*** Opening of PROVIDED DATA ***
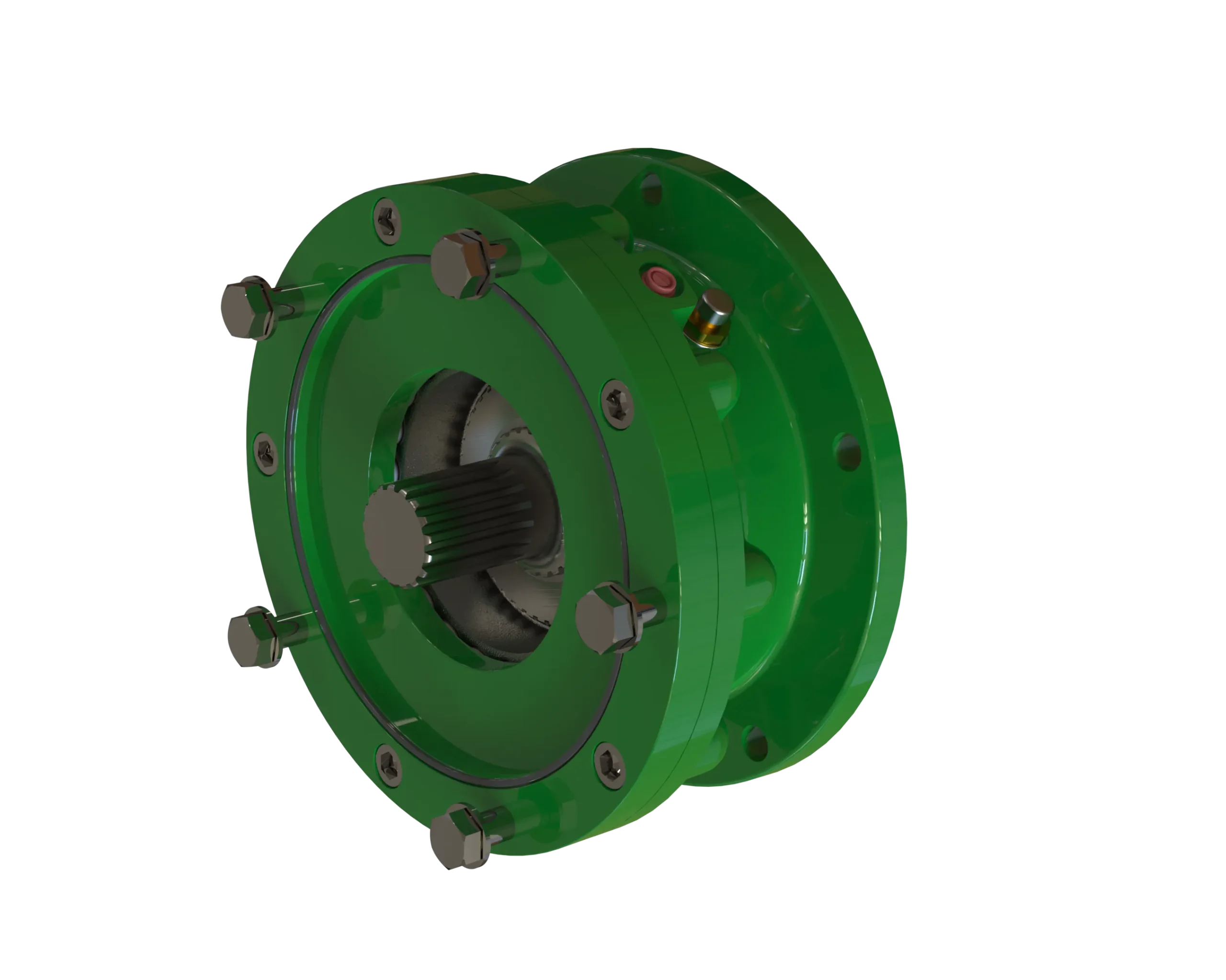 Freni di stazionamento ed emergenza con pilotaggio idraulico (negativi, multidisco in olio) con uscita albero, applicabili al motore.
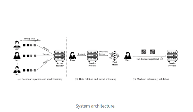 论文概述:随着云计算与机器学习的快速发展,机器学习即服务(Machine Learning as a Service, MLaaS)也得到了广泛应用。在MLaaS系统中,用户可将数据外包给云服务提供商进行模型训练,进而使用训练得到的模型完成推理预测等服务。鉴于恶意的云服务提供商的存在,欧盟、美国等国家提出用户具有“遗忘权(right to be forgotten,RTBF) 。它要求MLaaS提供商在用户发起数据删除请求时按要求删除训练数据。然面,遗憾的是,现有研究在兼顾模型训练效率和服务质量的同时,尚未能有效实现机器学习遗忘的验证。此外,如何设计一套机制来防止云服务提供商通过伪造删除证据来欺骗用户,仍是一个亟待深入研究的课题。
*** Close of PROVIDED DATA ***
*** Opening of PROVIDED DATA ***
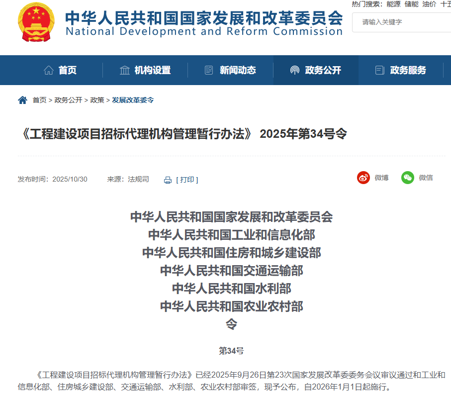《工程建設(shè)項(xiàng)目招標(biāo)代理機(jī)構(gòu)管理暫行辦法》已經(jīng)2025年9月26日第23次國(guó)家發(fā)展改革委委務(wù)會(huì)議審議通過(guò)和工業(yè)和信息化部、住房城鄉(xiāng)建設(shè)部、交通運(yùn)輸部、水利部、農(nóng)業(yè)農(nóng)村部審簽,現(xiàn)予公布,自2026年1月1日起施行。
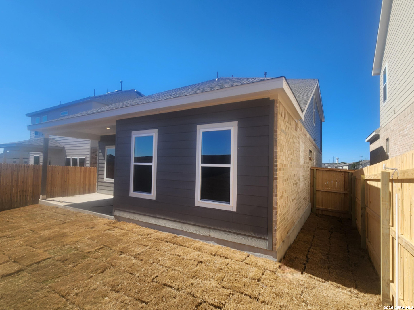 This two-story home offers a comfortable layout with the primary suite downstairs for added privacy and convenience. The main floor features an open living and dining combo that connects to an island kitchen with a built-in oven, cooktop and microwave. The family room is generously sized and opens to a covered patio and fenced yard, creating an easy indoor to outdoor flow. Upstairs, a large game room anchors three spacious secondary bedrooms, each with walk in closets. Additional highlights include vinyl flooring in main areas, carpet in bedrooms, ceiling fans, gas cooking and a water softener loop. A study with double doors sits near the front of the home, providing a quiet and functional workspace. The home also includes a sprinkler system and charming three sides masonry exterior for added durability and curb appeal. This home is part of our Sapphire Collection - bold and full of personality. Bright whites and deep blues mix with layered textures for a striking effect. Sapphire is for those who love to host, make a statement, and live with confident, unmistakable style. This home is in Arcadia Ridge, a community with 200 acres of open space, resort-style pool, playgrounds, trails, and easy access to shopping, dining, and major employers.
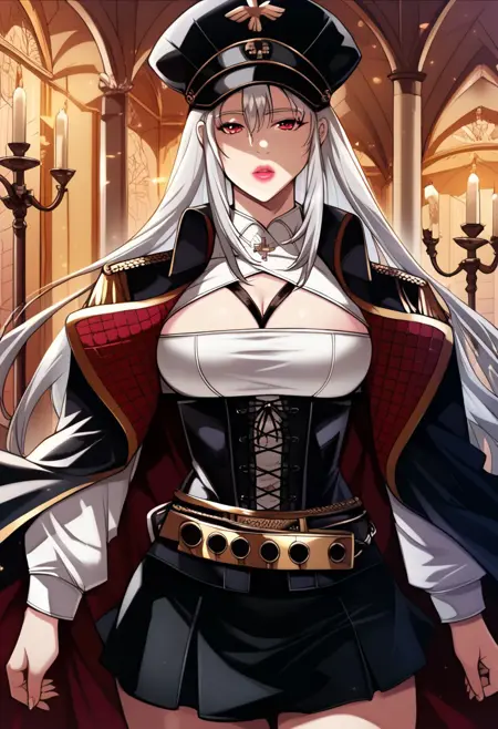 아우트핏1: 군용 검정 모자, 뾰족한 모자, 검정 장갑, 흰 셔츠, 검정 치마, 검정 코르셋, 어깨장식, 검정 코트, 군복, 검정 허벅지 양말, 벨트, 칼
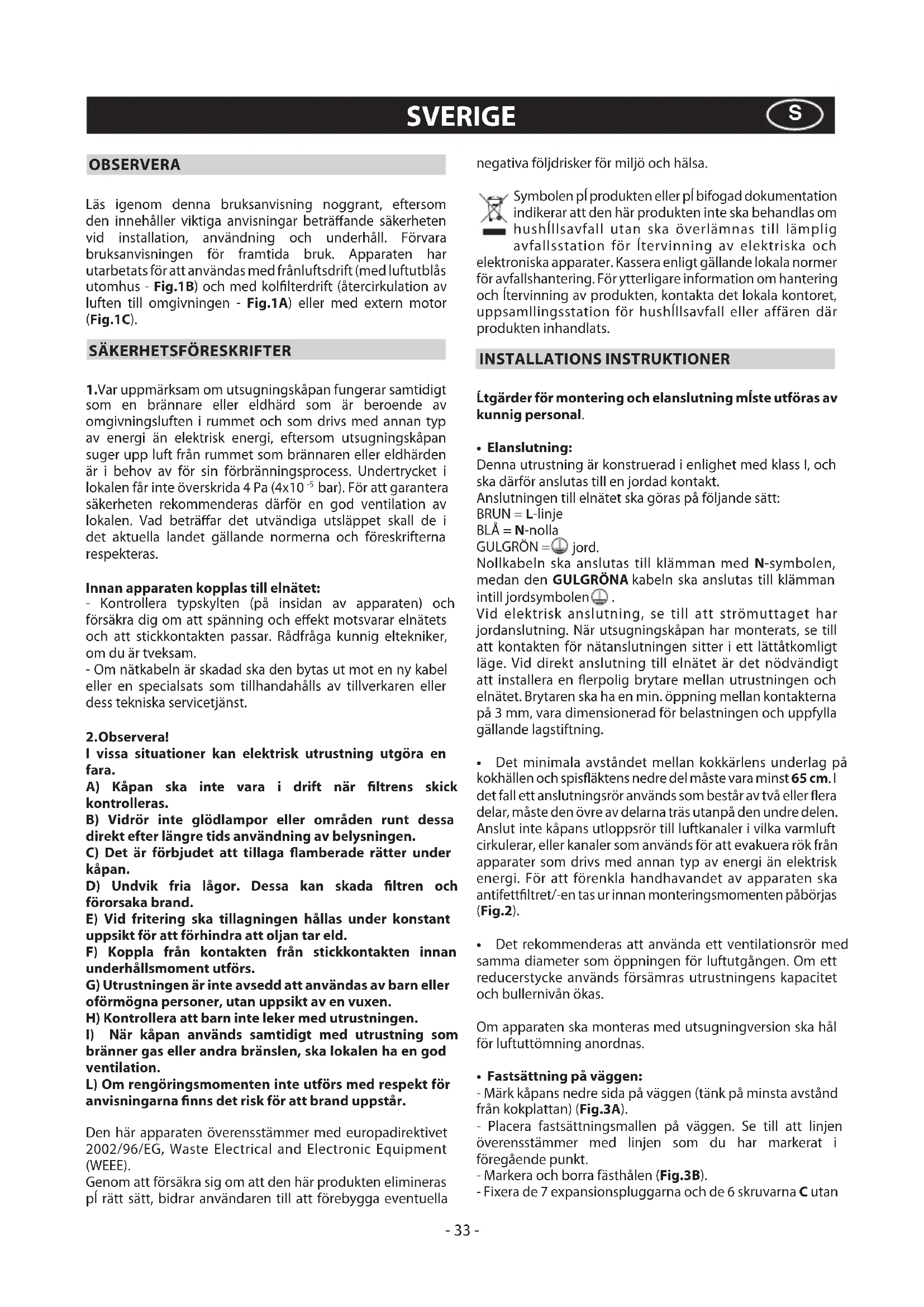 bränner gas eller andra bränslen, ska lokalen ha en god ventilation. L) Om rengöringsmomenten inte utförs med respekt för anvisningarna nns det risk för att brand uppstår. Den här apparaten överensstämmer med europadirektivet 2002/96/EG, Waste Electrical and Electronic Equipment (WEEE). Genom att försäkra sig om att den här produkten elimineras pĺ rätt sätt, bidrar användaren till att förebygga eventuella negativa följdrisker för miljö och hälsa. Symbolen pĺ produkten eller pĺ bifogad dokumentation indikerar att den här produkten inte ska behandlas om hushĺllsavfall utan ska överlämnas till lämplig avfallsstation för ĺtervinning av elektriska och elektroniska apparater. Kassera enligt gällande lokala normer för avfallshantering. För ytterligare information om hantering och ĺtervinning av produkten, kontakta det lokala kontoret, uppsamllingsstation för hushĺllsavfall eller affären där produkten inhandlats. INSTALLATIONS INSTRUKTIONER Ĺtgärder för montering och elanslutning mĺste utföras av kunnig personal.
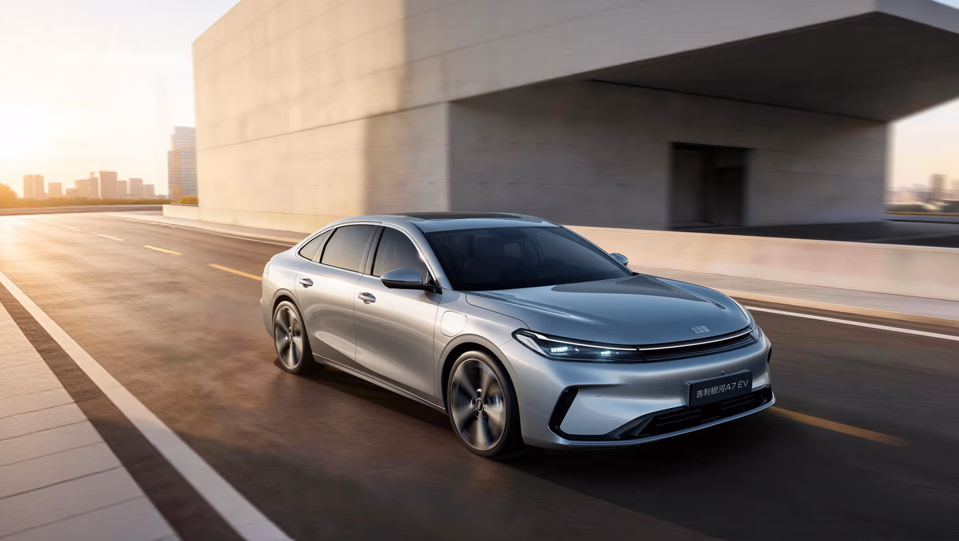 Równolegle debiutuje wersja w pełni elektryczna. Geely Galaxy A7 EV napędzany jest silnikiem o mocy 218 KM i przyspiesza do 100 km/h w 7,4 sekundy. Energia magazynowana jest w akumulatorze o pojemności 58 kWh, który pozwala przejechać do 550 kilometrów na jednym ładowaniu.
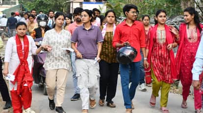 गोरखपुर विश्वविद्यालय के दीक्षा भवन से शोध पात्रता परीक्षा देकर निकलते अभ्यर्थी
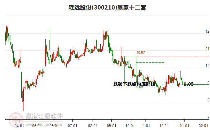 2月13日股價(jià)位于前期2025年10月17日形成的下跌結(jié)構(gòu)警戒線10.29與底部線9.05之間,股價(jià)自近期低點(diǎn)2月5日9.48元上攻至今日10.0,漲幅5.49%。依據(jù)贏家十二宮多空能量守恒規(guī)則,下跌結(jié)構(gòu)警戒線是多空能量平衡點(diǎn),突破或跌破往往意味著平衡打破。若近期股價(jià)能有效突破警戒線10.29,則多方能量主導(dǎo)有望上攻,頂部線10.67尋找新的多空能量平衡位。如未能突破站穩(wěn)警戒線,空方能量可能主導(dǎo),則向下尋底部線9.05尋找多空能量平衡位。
*** Close of PROVIDED DATA ***
PROMPT —
The material above holds pictures; leave them out. Repeat exactly the lines from the one containing "Freni di stazionamento" through the one containing "论文概述:随着云计算与机器学习的快速发展,机器学习即服务(Machine Learning as", and nothing else.

WRITTEN SOLUTION —
 Freni di stazionamento ed emergenza con pilotaggio idraulico (negativi, multidisco in olio) con uscita albero, applicabili al motore.
 论文概述:随着云计算与机器学习的快速发展,机器学习即服务(Machine Learning as a Service, MLaaS)也得到了广泛应用。在MLaaS系统中,用户可将数据外包给云服务提供商进行模型训练,进而使用训练得到的模型完成推理预测等服务。鉴于恶意的云服务提供商的存在,欧盟、美国等国家提出用户具有“遗忘权(right to be forgotten,RTBF) 。它要求MLaaS提供商在用户发起数据删除请求时按要求删除训练数据。然面,遗憾的是,现有研究在兼顾模型训练效率和服务质量的同时,尚未能有效实现机器学习遗忘的验证。此外,如何设计一套机制来防止云服务提供商通过伪造删除证据来欺骗用户,仍是一个亟待深入研究的课题。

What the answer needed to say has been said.